» **DATA SHOWN**
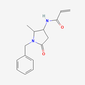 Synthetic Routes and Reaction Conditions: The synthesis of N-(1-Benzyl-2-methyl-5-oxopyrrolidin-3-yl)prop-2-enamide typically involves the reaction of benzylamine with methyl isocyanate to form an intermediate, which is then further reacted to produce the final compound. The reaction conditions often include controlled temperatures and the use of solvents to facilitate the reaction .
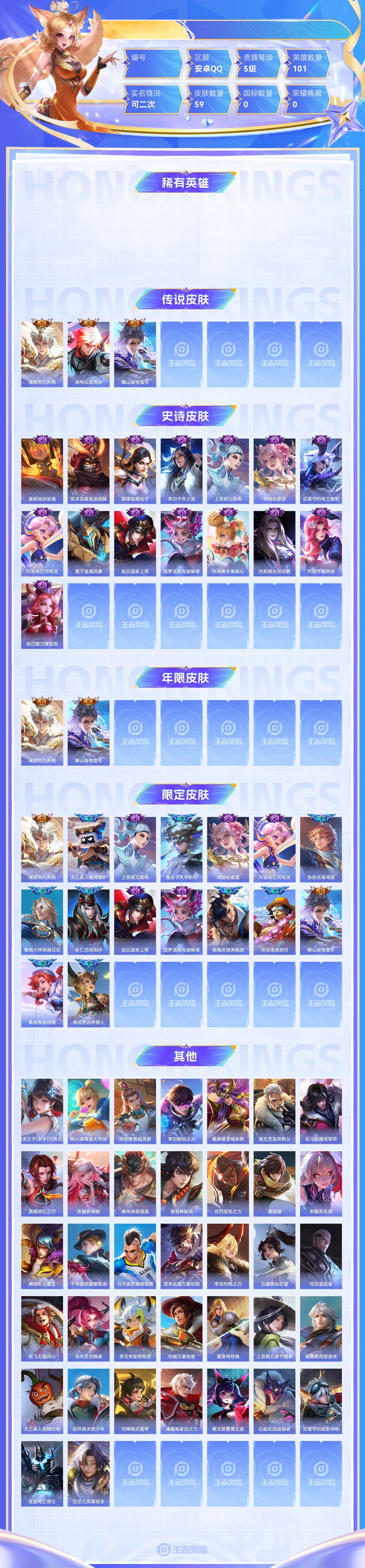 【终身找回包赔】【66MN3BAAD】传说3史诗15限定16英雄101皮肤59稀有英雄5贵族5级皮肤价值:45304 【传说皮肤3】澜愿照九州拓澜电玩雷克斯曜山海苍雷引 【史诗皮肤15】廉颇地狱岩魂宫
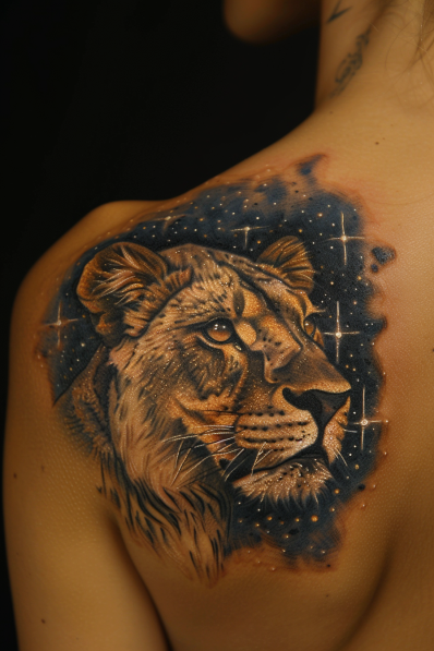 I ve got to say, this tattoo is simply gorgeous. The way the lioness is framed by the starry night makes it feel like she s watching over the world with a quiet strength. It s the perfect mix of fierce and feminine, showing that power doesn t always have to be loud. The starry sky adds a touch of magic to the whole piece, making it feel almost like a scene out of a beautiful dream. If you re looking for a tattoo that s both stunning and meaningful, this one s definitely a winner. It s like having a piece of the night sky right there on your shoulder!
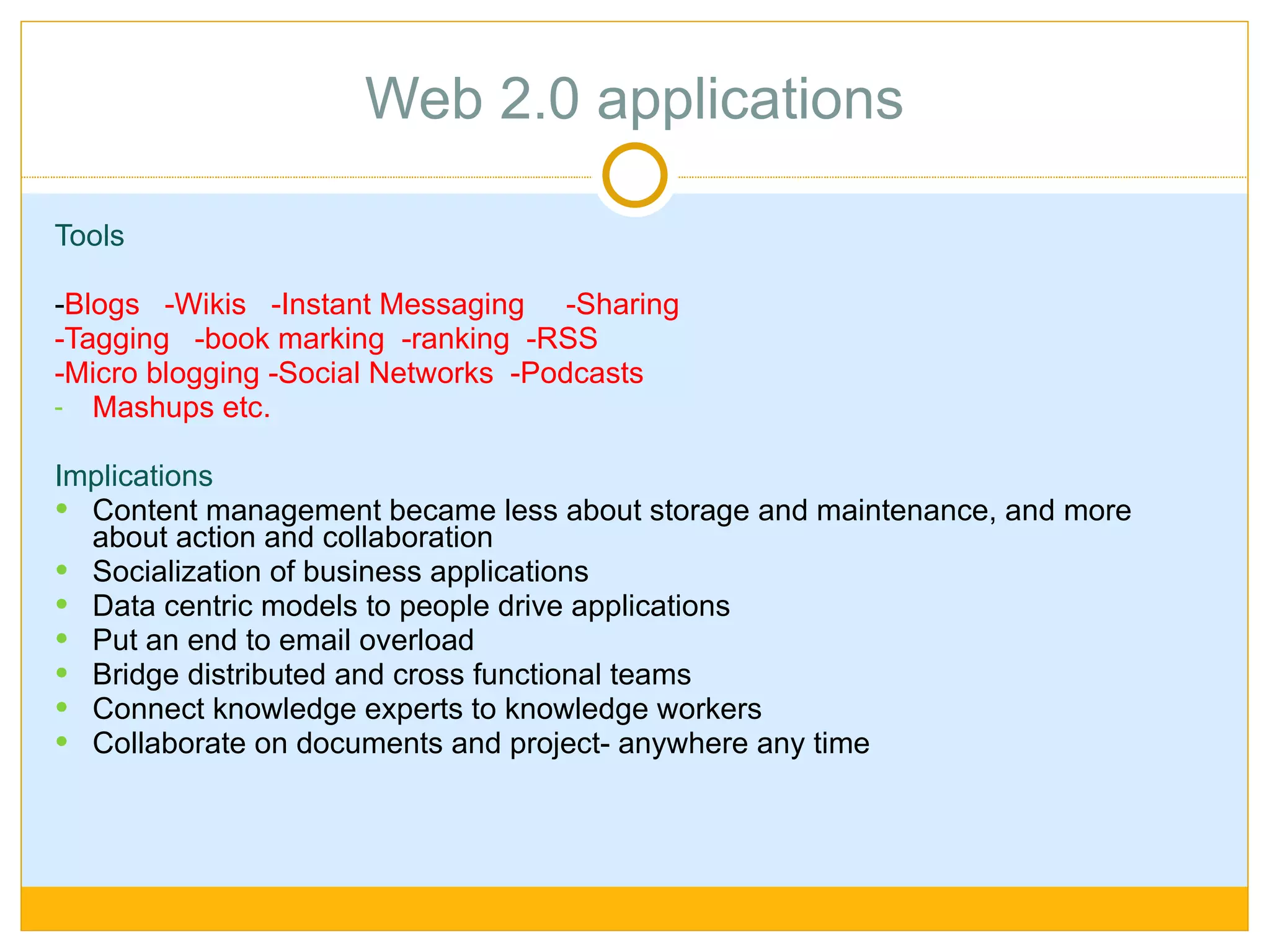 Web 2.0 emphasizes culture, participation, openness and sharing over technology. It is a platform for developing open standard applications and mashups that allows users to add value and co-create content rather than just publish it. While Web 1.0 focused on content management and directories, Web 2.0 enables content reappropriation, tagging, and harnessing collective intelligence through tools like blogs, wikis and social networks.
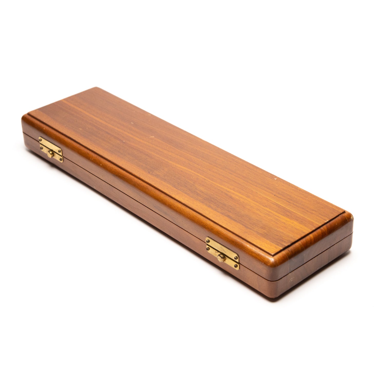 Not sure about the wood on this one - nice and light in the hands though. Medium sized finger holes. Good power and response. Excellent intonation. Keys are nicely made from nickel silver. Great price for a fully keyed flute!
* * *
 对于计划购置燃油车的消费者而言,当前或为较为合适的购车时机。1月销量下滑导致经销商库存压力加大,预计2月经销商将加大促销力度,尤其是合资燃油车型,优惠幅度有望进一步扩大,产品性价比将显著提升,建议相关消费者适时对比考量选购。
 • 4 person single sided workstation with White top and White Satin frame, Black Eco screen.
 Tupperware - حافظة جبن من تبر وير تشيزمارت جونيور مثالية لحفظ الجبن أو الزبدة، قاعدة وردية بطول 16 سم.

» **TRY IT**
Reproduce exactly the lines above starting at the line containing "Synthetic Routes and" and ending at the line containing "I ve got to", including both, but not the pictures.

» **SOLUTION TO THE PROBLEM**
 Synthetic Routes and Reaction Conditions: The synthesis of N-(1-Benzyl-2-methyl-5-oxopyrrolidin-3-yl)prop-2-enamide typically involves the reaction of benzylamine with methyl isocyanate to form an intermediate, which is then further reacted to produce the final compound. The reaction conditions often include controlled temperatures and the use of solvents to facilitate the reaction .
 【终身找回包赔】【66MN3BAAD】传说3史诗15限定16英雄101皮肤59稀有英雄5贵族5级皮肤价值:45304 【传说皮肤3】澜愿照九州拓澜电玩雷克斯曜山海苍雷引 【史诗皮肤15】廉颇地狱岩魂宫
 I ve got to say, this tattoo is simply gorgeous. The way the lioness is framed by the starry night makes it feel like she s watching over the world with a quiet strength. It s the perfect mix of fierce and feminine, showing that power doesn t always have to be loud. The starry sky adds a touch of magic to the whole piece, making it feel almost like a scene out of a beautiful dream. If you re looking for a tattoo that s both stunning and meaningful, this one s definitely a winner. It s like having a piece of the night sky right there on your shoulder!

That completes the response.